# Sykes (Still the Kings) - 8/27



## ThaFish (Feb 27, 2013)

Nathan & Jeff & I got out to Sykes around 6:30 & met up with Caleb to do some fishing for a couple hours. Brought the cast net this time & Nathan threw it by the Octagon to get a croaker & some pinfish, & also a few finger mullet. Headed out onto Sykes with about a half hour of daylight left. Threw out live baits & the waiting game began. Nathan started throwing a spoon right away & got broke off on a big spanish. After about 45 minutes, Nathan had a run on his Calcutta (baited w/ a live finger mullet). Almost as soon as he got hooked up, my Okuma Raw 80 (baited w/ a 5''-6'' live croaker) starts screaming, & I run over to grab it. I let it run for 5-6 seconds, & then turned the drag & the fight was on. Caleb got Nathan's catch into the dropnet (17'' mangrove!) & then ran over to me to get the net ready once again.

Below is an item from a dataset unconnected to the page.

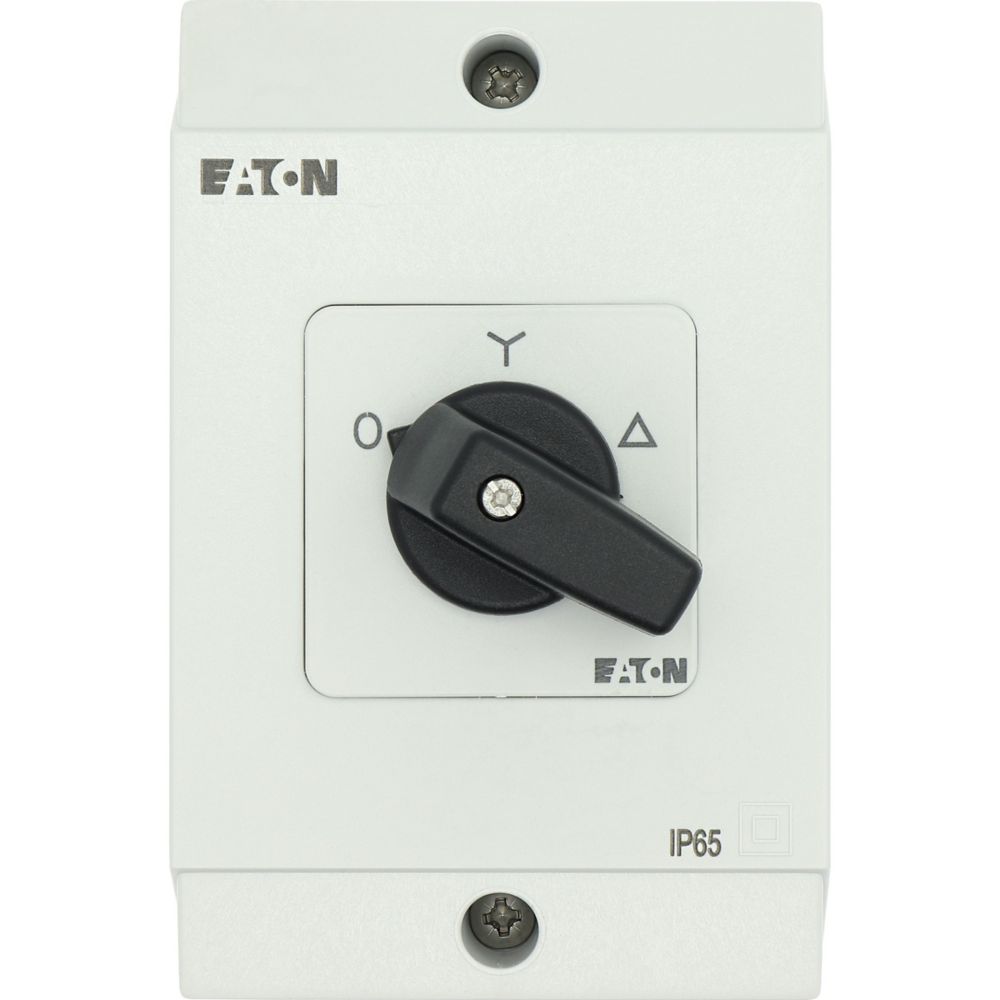 Stern-Dreieck-Schalter, Sortiment: Steuerschalter, Typkenner: T3, mit schwarzem Knebel und Frontschild, Kontakte: 8, Schutzart: IP65, Bauform: Oberflächenmontage, Schaltwinkel: 60 °, Schaltverhalten: rastend, mit 0-Stellung, Frontschild: 0-Y-D, Bemessungsbetriebsleistung AC-23A, 50 - 60 Hz 400 V: P = 15 kW, Bemessungsdauerstrom: Iu = 32 A, 4 Baueinheit(en), Normen und Bestimmungen: IEC/EN 60947, VDE 0660, IEC/EN 60204, CSA, UL, Lasttrennschalter nach IEC/EN 60947-3Durchschnittliche Bewertung von 0 von 5 Sternen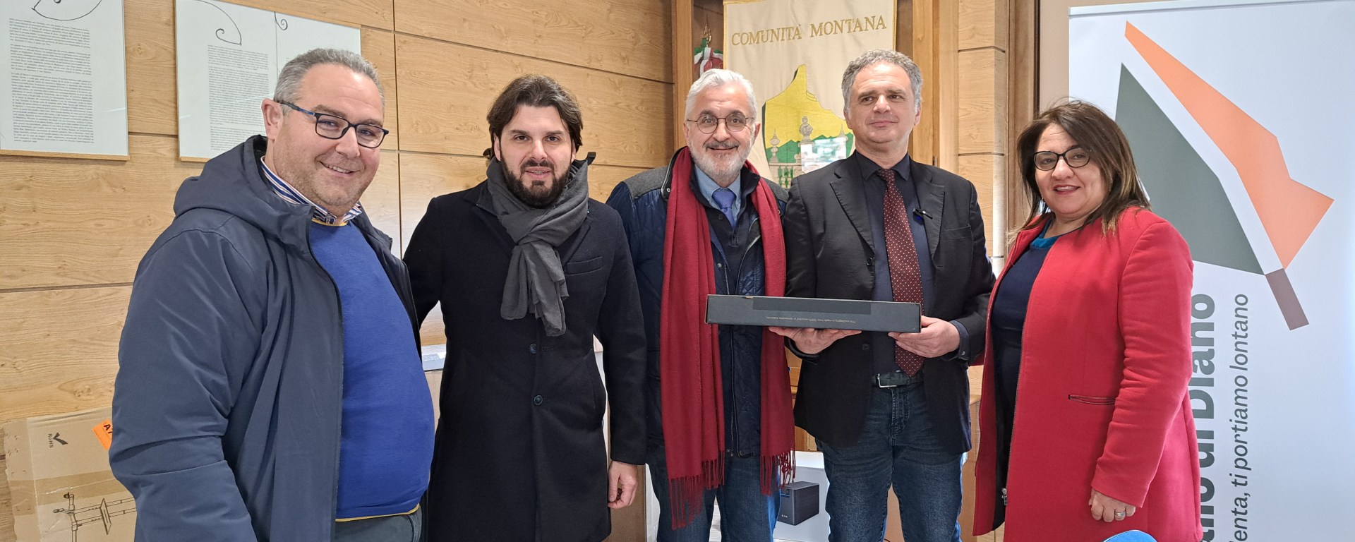 L’intervento è stato reso possibile da un finanziamento a valere sulla Strategia Nazionale per le Aree Interne. “Nell’ambito della Digitalizzazione, in uno dei progetti della SNAI, consegniamo questo kit di computer, software ed accessori ad ognuno dei comuni rientrante nel comprensorio della nostra Comunità montana” ha introdotto il presidente Cavallone. “Si tratta di una sfida che parte da lontano, che ha avuto un’accelerata con il Covid e che porta ad una sempre maggiore integrazione tra l’Ente montano e i Comuni che lo compongono”.

After only 4 minutes or so (whipped him on that setup!) we got him in the dropnet. Hauled him up & put the tape on him. 40.75'' & over 30 pounds. Looks like I'm back at it! Got the red back in the water & then cleaned Nathan's mangrove. Stayed out at Sykes another hour & a half or so & Nathan lost one red & Caleb lost a shark, but didn't land anything else. Headed home after that to cook up the mangrove! 

Tight lines everyone.


----------



## flukedaddy (Apr 11, 2009)

Man nice snappa mogan. Them babies are yummy


----------



## ThaFish (Feb 27, 2013)

flukedaddy said:


> Man nice snappa mogan. Them babies are yummy


Trust me it was! Had it as soon as we got back tonight. Baked it with a parmesan crust & then had some garlic bread with it. Awesome meal.


----------



## Fritz (Oct 22, 2012)

Damn and I was gonna go out there last night inch:. Nice catches!


----------



## ThaFish (Feb 27, 2013)

Fritz said:


> Damn and I was gonna go out there last night inch:. Nice catches!


Thanks man! Too bad ya didn't!


----------



## MoganMan (Feb 24, 2013)

flukedaddy said:


> Man nice snappa mogan. Them babies are yummy


Thanks! And it was! Cooked it up as soon as we got back.


----------



## CrazedFisher (Mar 11, 2013)

Damn! Nice red Sawyer! Must've been nice to have that snapper! Miss it much!


----------



## a (Oct 2, 2007)

great pics! thx


----------



## Randall2point0 (Feb 11, 2011)

Wirelessly posted

I was thinking about going to Sykes later tonight to catch some bait, anyone know if the ladiefish are out there?


----------



## MoganMan (Feb 24, 2013)

They are still out there, saw em last night.


----------



## Randall2point0 (Feb 11, 2011)

Wirelessly posted

Hit the octagon a little bit before dinner, no luck.


----------



## ThaFish (Feb 27, 2013)

Randall2point0 said:


> Wirelessly posted
> 
> I was thinking about going to Sykes later tonight to catch some bait, anyone know if the ladiefish are out there?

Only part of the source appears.